En resumen, sabemos que hemos nacido, pero, también sabemos que hemos de morir. La muerte – nuestra muerte – marca ese momento de encuentro directo con nuestro Creador, Padre Dios. Y será para gozar de su presencia eternamente en gozo, felicidad y gloria, o para la ignominia perpetua.
Vivir de forma indiferente a esta impronta grabada en nuestro corazón es vivir despistado, equivocado y disparatado. Es tomar un camino diferente al y para el que hemos sido creados. Porque, nuestro destino es gozar del Amor de Dios Eternamente. Otro destino, que será el contrario, es perder la gran oportunidad de plenitud gozosa a la que estamos llamados.

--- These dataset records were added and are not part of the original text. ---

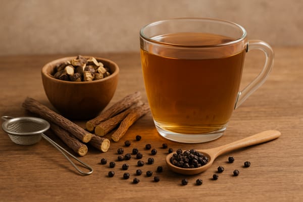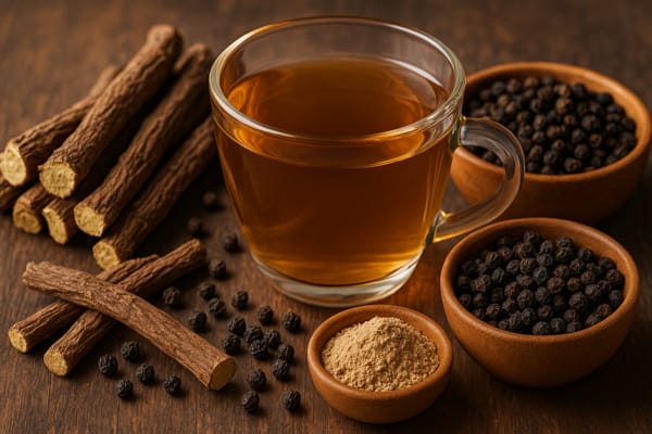 Podpora trávenia: Čierne korenie je známe ako silný stimulátor agni (tráviaceho ohňa). Povzbudzuje chuť do jedla, zlepšuje trávenie a pomáha pri nadúvaní či pocite ťažkosti. Má schopnosť tzv. „prerezávať“ a vysúšať nadmerné kaphické usadeniny, čím odbúrava toxíny (ama) v črevách. Sladké drievko naopak upokojuje podráždenú žalúdočnú sliznicu a vďaka svojej sladkej chuti zmierňuje nadmernú kyslosť – v ájurvéde sa používa pri pálení záhy, žalúdočných vredoch a zápaloch tráviaceho traktu. Spoločne tak korenie zlepší trávenie ťažších jedál a sladké drievko ochráni žalúdok pred nadmerným teplom a kyselinou. Čaj z tejto dvojice sa preto hodí po jedle pre lepšie trávenie.
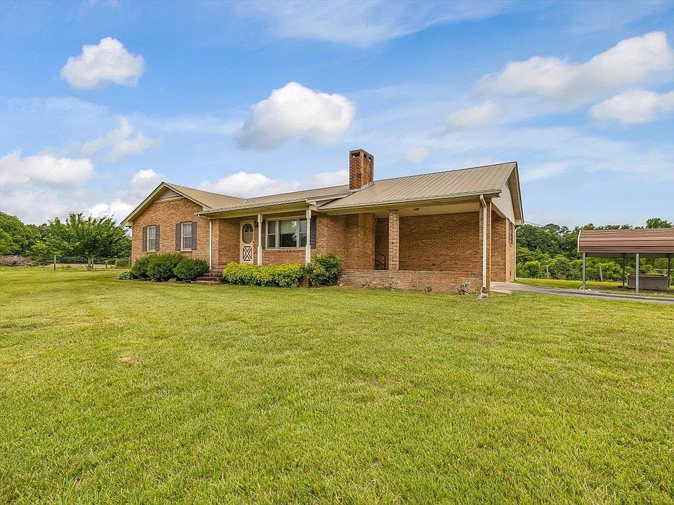 Beautiful setting in rural Goldston with over 6 acres of land, with pasture & fencing. Brick ranch home has a attached carport, detached car shed, covered deck, great gardening space. HVAC was just replaced & this is a one owner home. Interior features rock fireplace with gas logs, central vac all appliances remain and kitchen has plumbing to install a dishwasher. The office/den area was a bedroom which could easily be converted back, the built in shelves was the closet. Come enjoying the sunrise & sunsets this property has to offer.
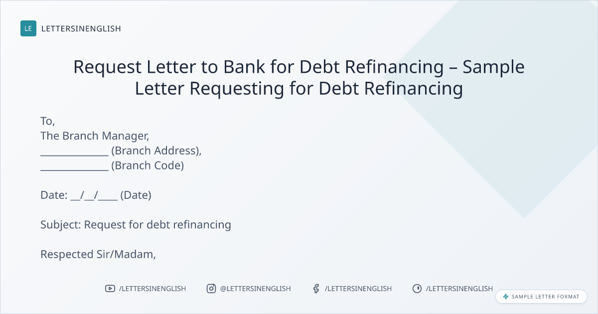 Request Letter to Bank for Debt Refinancing – Sample Letter Requesting for Debt Refinancing
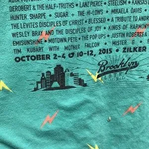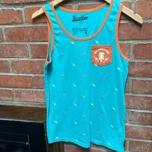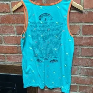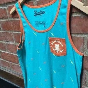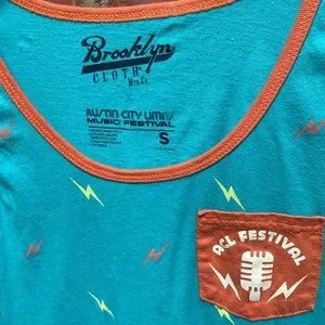 Chic turquoise blue with orange trim pocketed ACL Festival concert tank. If you missed the fest in 2015, here’s your chance to pretend like you didn’t.
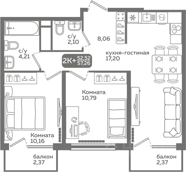 52 м² · Этаж 10 из 21
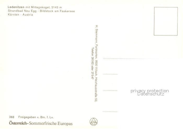 73272537 Ledenitzen Faakersee Bildstock Strandbad Neu Egg postalisch nicht gelaufen Erhaltung siehe scans [KathaD81] KatCode: 11390211020201
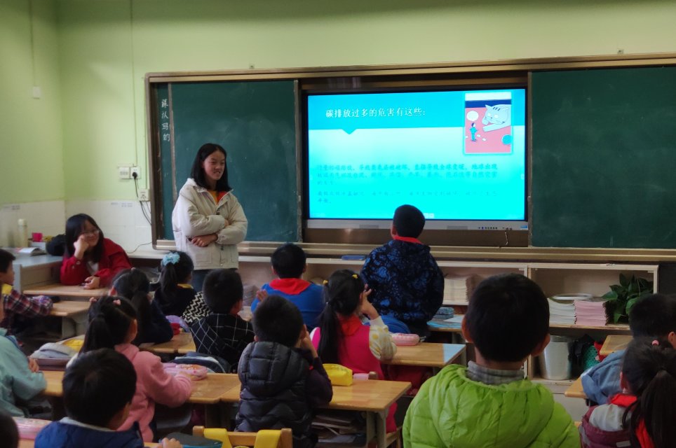 志愿者们首先带领小朋友们进入游戏环节。他们先将小朋友们分组,并给每个组分发印有不同交通工具的卡片,让他们比较每种工具的碳排放量。当志愿者们问起哪种交通工具最环保时,小朋友们异口同声地说出了“自行车”这个选项。游戏环节结束后,主讲人为小朋友们讲解幻灯片,借此向孩子们补充碳排放的有关知识,随后便让他们自由发言在生活中如何做到低碳。下午5点,活动接近尾声,志愿者们给小朋友们分发了环保帆布袋并与他们合影留念,此次志愿活动在孩子们的笑语和掌声中圆满结束。
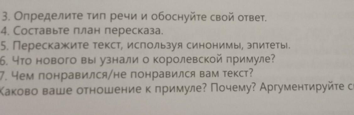 3. Определите тип речи и обоснуйте свой ответ. 4. Составьте план пересказа 5. Перескажите текст, используя синонимы, эпитеты 6. Что нового вы узнали о королевской примуле? 7. Чем понравился/не понравился вам текст? Каково ваше отношение к примуле? Почему? Аргументируйте своё мнение.
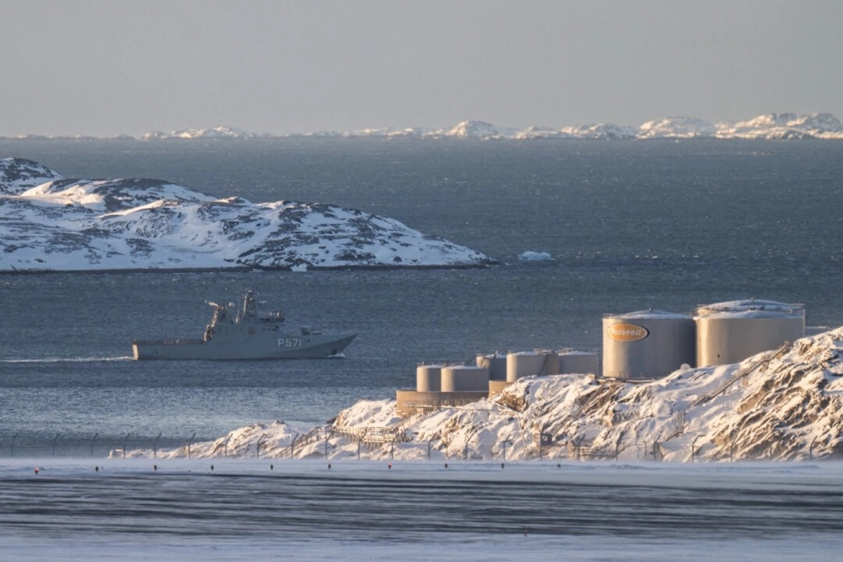 눈 덮인 섬들이 배경을 이루는 가운데, ‘P571' 표식이 있는 순찰선 한 척이 2026년 1월 20일(현지시간) 그린란드 누크 공항 인근 해안에서 연료 저장 탱크를 지나 항해하고 있다. | Jonathan Nackstrand/ AFP via Getty Images
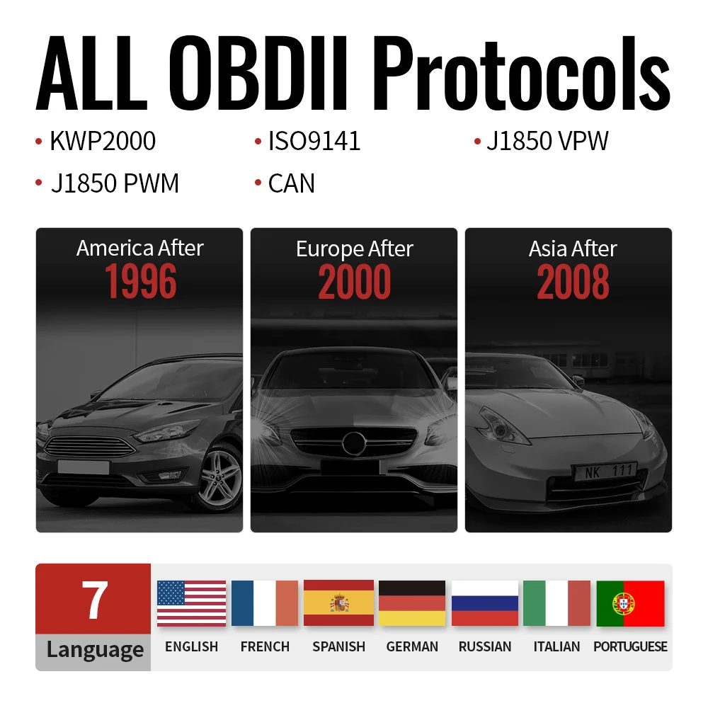 MUCAR CDL20 совместим с большинством американских, европейских и азиатских моделей, изготовленных с 1996 года. Поддерживает все протоколы OBDII: KWP2000, ISO9141, J1850 VPW, J1850 PWM и CAN (сеть контроллера). Если вы не знаете протоколы OBD2 вашего автомобиля, вы можете проверить разъем OBD2 вашего автомобиля ли 16 Pin. Если да. Этот товар поддерживает ваш автомобиль. Пожалуйста, обратите внимание. Этот товар только проверяет ваш автомобильный двигатель.1. Список американских автомобилей:Нужен стандарт obd2 и год выпуска с 1996 года-сейчасChrysler, Ford, GM, Jeep, Lincoln, Buick, Cadillac, Chevrolet, Dodge, HM, ect...2. Европейский список автомобилей:Нужен стандарт obd2 и год выпуска от 2000-nowMercedes Benz, Smart, Sprinter, BMW, Volkswagen, Skoda, Audi, Opel, Lamborghini, Porsche, Maybach, Ford, Land Rover, Jaguar, Aston Martin, Bentley, Rolls-Royce, rover, Mini, Vauxhall, DR, Ferrari, Fiat, Abarth, Lancia, Alfa Romeo, Maserati, Bugatti, Peugeot, Citroen, Renault, Saab, Volvo, GM, GMSA, Dacia ,Seat, и т. Д...4. Японский/Корейский список автомобилей:Нужен стандарт obd2 и год выпуска с 2008 года-сейчасHonda, Acura, Toyota, Scion, Lexus, Mazda, Nissan, Infiniti, Isuzu, Daihatsu, Suzuki, Mitsubishi, Subaru, Samsung, Daewoo, Hyundai , Kia, и т. Д...5. Список китайских автомобилей:Нужен стандарт obd2, и год выпуска с 2014 года-сейчасGreat Wall, Huachen, Geely, DF Honda ,Lifan и т. Д.Предупреждение ющее уведомление1. Несмотря на то, что он совместим с большинством автомобилей, но различные регионы поддерживают протокол OBD2 транспортного средства в разное время, или некоторые машины имеют специальный дизайн, поэтому он может не совместим с некоторыми автомобилями, которые не поддерживают протокол OBD2. Особенно японский и корейский автомобильный бренд.2. Не поддерживает Российские Автомобили до 2012 года, ВАЗ, УАЗ, Лада; Не работает с 24V грузовикамиДля Renault, SsangYong, пожалуйста, свяжитесь с нами перед покупкой.
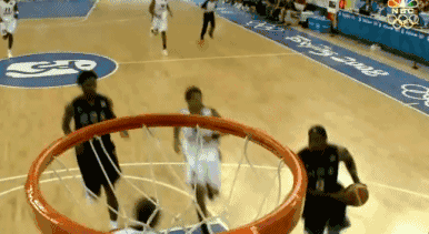 年轻的詹姆斯不仅在NBA赛场上喜欢用大风车,来到国际赛场也丝毫不吝啬。在北京奥运会上,詹姆斯就在中国球迷的眼前上演了这么一次平框大风车暴扣。
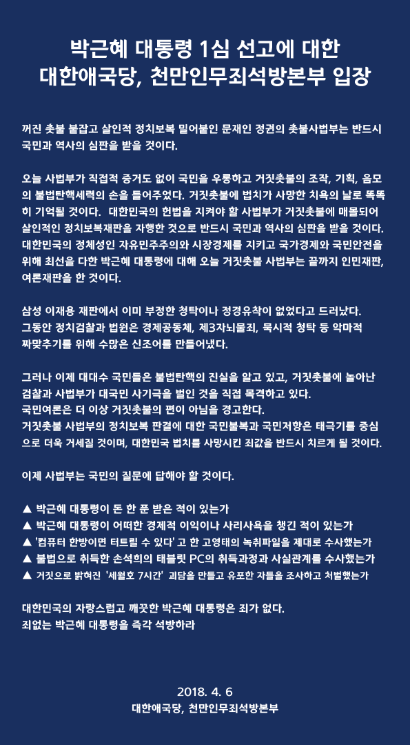 ¹Ú±ÙÇý ´ëÅë·ÉÀÇ ¶æ! ´ëÇѾֱ¹´ç Áß½ÉÀ¸·Î ¹¶ÃÄ ´ëÇѹα¹À» ÁöÄÑ´Þ¶ó
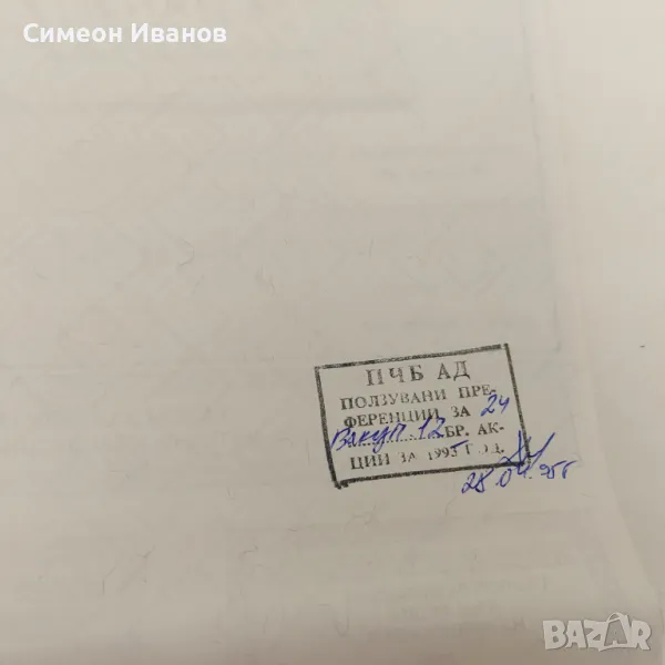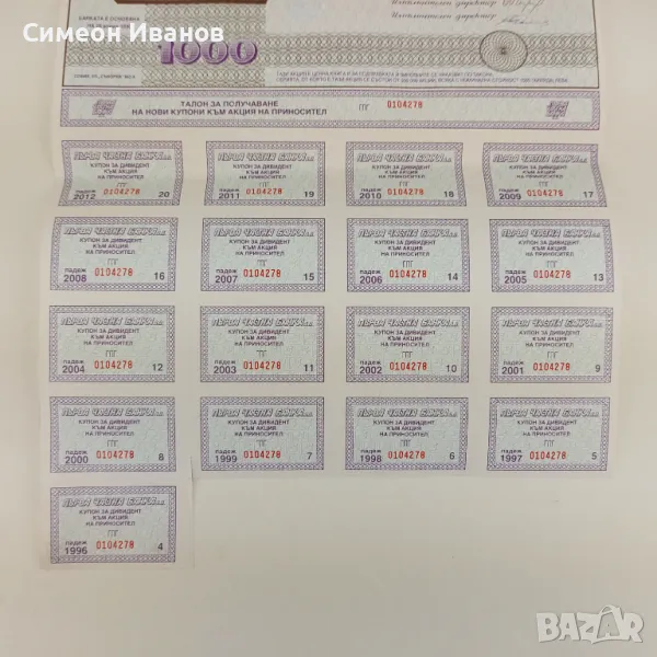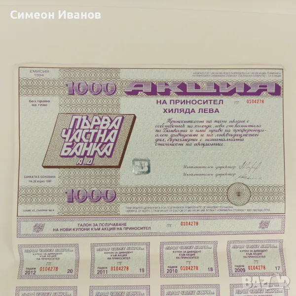 Акция 1000 лв Първа Частна Банка Емисия 1994 № 4590 → Обява 48145673
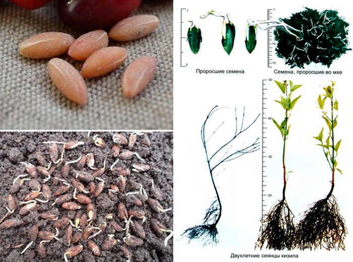 przed siewem wstępnie oczyszczone z miazgi nasiona należy rozwarstwić. Aby to zrobić, umieszcza się je w zwilżonych trocinach lub mchu, gdzie powinny pozostać przez około 12 miesięcy, podczas gdy środowisko jest stale wilgotne. Na liścieniach kość nie rozdziela się, w związku z tym należy ją zakopać w glebie o około 3 centymetry. Jeśli nasiona nie zostaną rozwarstwione, sadzonki pojawią się dopiero za kilka lat, a tylko niewielka część nasion wykiełkuje. Jeśli wysiejesz stratyfikowane nasiona, sadzonki można zobaczyć w tym samym roku. Należy dbać o uprawy i sadzonki jak zwykle, a raczej podlewać, karmić, chwastować w odpowiednim czasie, podczas gdy na początku będą potrzebować ochrony przed bezpośrednim działaniem promieni słonecznych. Pod koniec pierwszego roku sadzonki osiągną wysokość tylko 30-40 mm, a pod koniec drugiego — ich długość będzie równa 10-15 centymetrów. Jesienią dwuletnie sadzonki można przesadzić na otwartą glebę w szkółce. Pierwsze owoce na takiej roślinie pojawią się dopiero po 7-10 latach.

Por eso, la hora de encontrarnos con el Señor está siempre cerca. Puede ser hoy, mañana o en este mismo instante. De ahí que tenemos que estar siempre preparados y atentos, porque el Señor – nadie lo sabe – puede venir en cualquier instante. Y estar atento significa que, tanto en las horas de oscuridad, de desfallecimiento o de zozobra, como en las que reluce el sol y la vida sonríe, tratemos de sostenernos siempre en la presencia del Señor, porque, Él no se va, está siempre presente y a nuestro lado. Y nos protegerá siempre que, como nos dice el salmo de hoy, nos refugiemos en Él.